My past doctor in another state had me on Kenalog shot 80 mg, every 3.5 months. I have since moved to another state bringing along my past medical records for my new doctor. He said his program does not provide him with Kenalog and so he gave me a shot of Decadron 4 mg every three months. It has been a week since my shot and my allergies are starting to return. What is the difference between the two, and which one is better? Should I seek another doctor or can I go to a clinic and get my shots there since I have my past medical records with me?
Decadron® (dexamethasone) 4 mg is not the therapeutic equivalent of Kenalog® (triamcinolone acetonide) 80 mg. Using the Lexi-Calc corticosteroid conversion formula, the ratio of the 2 would be close to 5:1. So it would take Decadron® (dexamethasone) 16 mg to be approximately the equivalent of Kenalog® (triamcinolone acetonide) 80 mg.

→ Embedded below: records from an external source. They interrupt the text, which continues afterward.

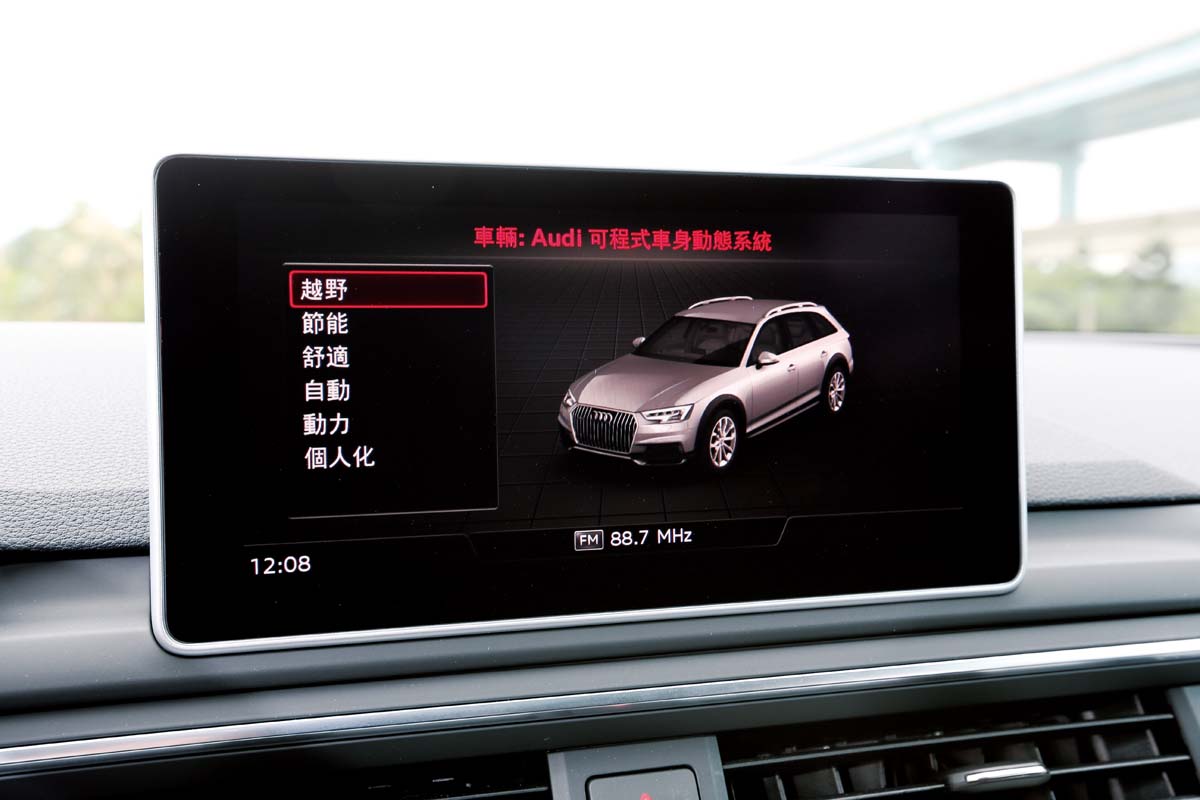 | A4 allroad quattro上的Audi drive select多了一個越野模式,可以鎖定差速器並採用全時四驅的驅動配置。 |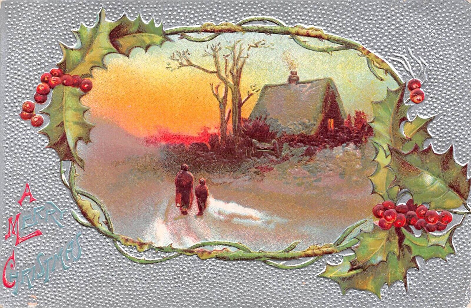 C8987 A Merry Christmas Rural Winter View Holly on Silver Antique Postcard Emb.
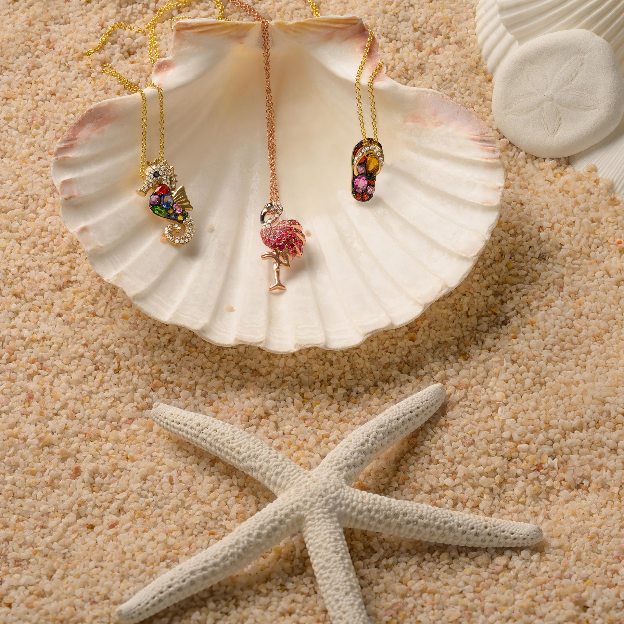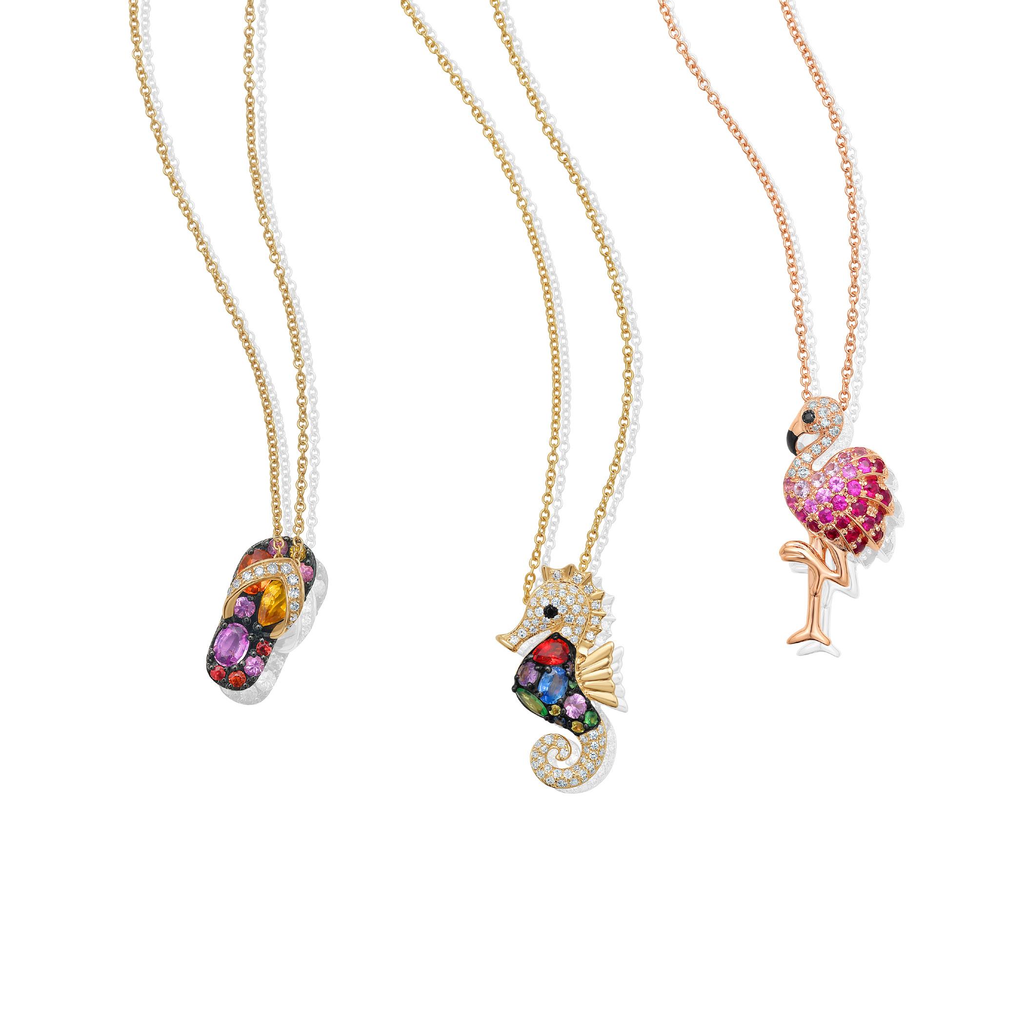 Multi-Sapphire & Diamond Flip Flop Pendant in 14K Yellow Gold |D. 1/15 CTTW| SKU: 327355, 5401661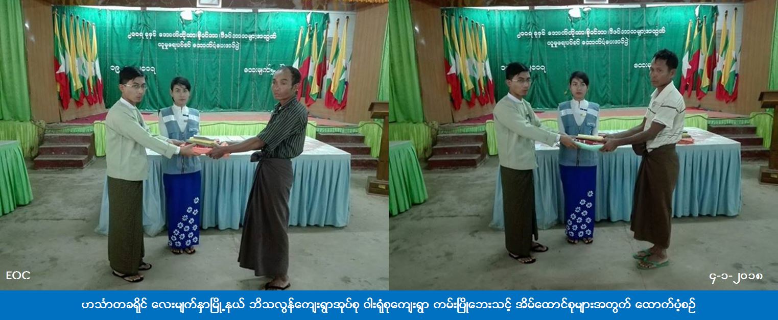 ဟင်္သာတခရိုင် လေးမျက်နှာမြို့နယ် ဘိသလွန်ကျေးရွာအုပ်စု ဝါးရုံစုကျေးရွာ၌ (၁-၁-၂၀၁၈) ရက်နေ့တွင် ဖြစ်ပွားခဲ့သော ကမ်းပြိုဘေးကြောင့် ဘေးသင့်ခဲ့သည့် အိမ်ထောင်စု (၃)စု လူဦးရေ (၁၁) ဦးတို့အတွက် ကယ်ဆယ်ရေးပစ္စည်း(၄)မျိုး – (၃) အိမ်ထောင်စာ၊ အိမ်ဆောက်ပစ္စည်းဖိုး(၃၀၀၀၀၀)ကျပ်၊ ဆန်ရိက္ခာဖိုး(၂၃၁၀၀)ကျပ် စုစုပေါင်း ကယ်ဆယ်ရေးထောက်ပ့ံရန်ပုံငွေ (၃၂၃၁၀၀) ကျပ်တိတိကို (၃-၁-၂၀၁၈) ရက်နေ့တွင် ဟင်္သာတခရိုင်ဦးစီးမှူးရုံး (ကယ်ဆယ်ရေး) မှ တာဝန်ရှိသူများသည် ဘေးသင့်ပြည်သူများ လက်ဝယ်သို့အရောက် ထောက်ပ့ံပေးအပ်ခဲ့ကြောင်း သိရှိရပါသည်။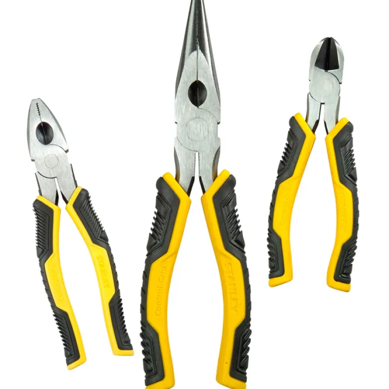 3-osainen pihtisarja, joka sisältää yhdistelmäpihdit, sivuleikkurit ja kärkipihdit. Muotoillut kahvat parantavat käyttömukavuutta.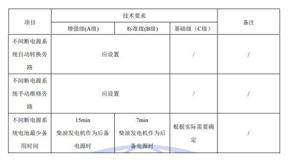 國標GB50174-2017《數(shù)據(jù)中心設計規(guī)范》中對于A、B、C三級數(shù)據(jù)中心不間斷電源系統(tǒng)旁路及備用時間的具體要求如下:

Decadron® (dexamethasone) is characterized as a "long-acting" steroid and Kenalog® (triamcinolone acetonide) is an "intermediate-acting" steroid. Thus duration of action of Decadron® (dexamethasone) is somewhat longer than that of Kenalog® (triamcinolone acetonide). Along with the lower Decadron® (dexamethasone) dosage at 4 mg vs 80 mg, this may account for the resurgence of your symptoms. You may want to ask your doctor if he can special-order the Kenalog® (triamcinolone acetonide) or would he be willing to increase the dose of Decadron® (dexamethasone).
Finally, both of you may want to consider the substitution of a prescription steroid spray, be it for nose/sinuses or lungs, to provide the same benefit with less risk of side effects.